NASA model simulating concentration of dust in the atmosphere. (WeatherBell.com)

Some people in Europe parked their vehicles outside overnight, hoping a cleansing downpour would save them a trip to the carwash. But the rains had the opposite effect. The reason? Dust from the Sahara Desert.

A squeeze play between zones of high and low pressure has slingshotted a conveyor belt of airborne desert dust northward. Ordinarily, what happens in the Sahara stays in the Sahara — but recent strong winds have picked up dust by the ton, transporting a grimy layer of sand all the way to the Arctic Circle.

The dust has trekked as far poleward as Scandinavia, and could be swept back toward Greenland in the next 72 hours. In the meantime, concentrations are impressive. If you took a one-yard-by-one-yard column of dust out of the lower atmosphere over France on Tuesday afternoon, it would contain nearly 3,000 milligrams of dust. That’s the weight of more than a penny.

Much of it is clouding over the upper atmosphere. That could transform the light into a diffuse amber glow over the United Kingdom on Tuesday evening, and have a similar effect in Iceland on Wednesday night.

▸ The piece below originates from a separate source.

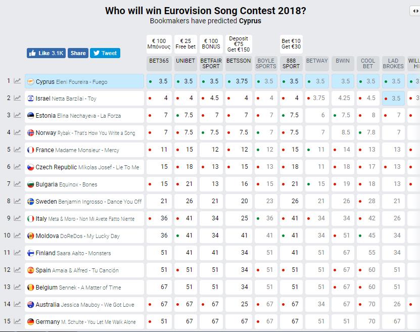Η πορεία των φετινών στοιχημάτων μας θυμίζει τα περσινά. Η Netta ήταν το απόλυτο φαβορί ακριβώς όπως ήταν πέρσι ο Francesco Gabbani, όλη την περίοδο μέχρι το διαγωνισμό. Η πρωτιά αυτή χάθηκε μετά τη Jury Rehearsal του ημιτελικού τη Δευτέρα, ακριβώς όπως συμβαίνει και φέτος.

Brilliant orange sunsets may be in the offing.

The United Kingdom Met Office writes that “Saharan dust is relatively common in the U.K.” They say it happens a few times a year when “big dust storms in the Sahara coincide with southerly wind patterns.” The dust can occasionally contribute to pollution levels.

The areas with the greatest amount of dust up high aren’t the same spots seeing the heftiest concentrations near the ground. Italy is in the crosshairs of the dust plume. Nearly 200 micrograms per cubic meter are present at the surface — equal to the weight of a fruit fly in every cubic meter. Imagine 200 fruit flies buzzing around inside a subway car — that’s the density of dust. It’s roughly half the mass density of last week’s pollen peak in Washington.

The dust doesn’t always stay in the sky. Thunderstorms can “scavenge” the aerosol from the atmosphere. That’s happening over the Adriatic Sea near the coast of Croatia, where a couple grams of dust are deposited every six hours. That would streak your windshield and could scratch your paint if you tried to scrub off the grime.

Not much has come down otherwise, and probably won’t outside of downpours — save for an infinitesimally small veil that could drop a few grains from Ukraine to Poland on Thursday.

Most of the dust should be swept away by Saturday as high pressure and northwesterly flow build into the weekend.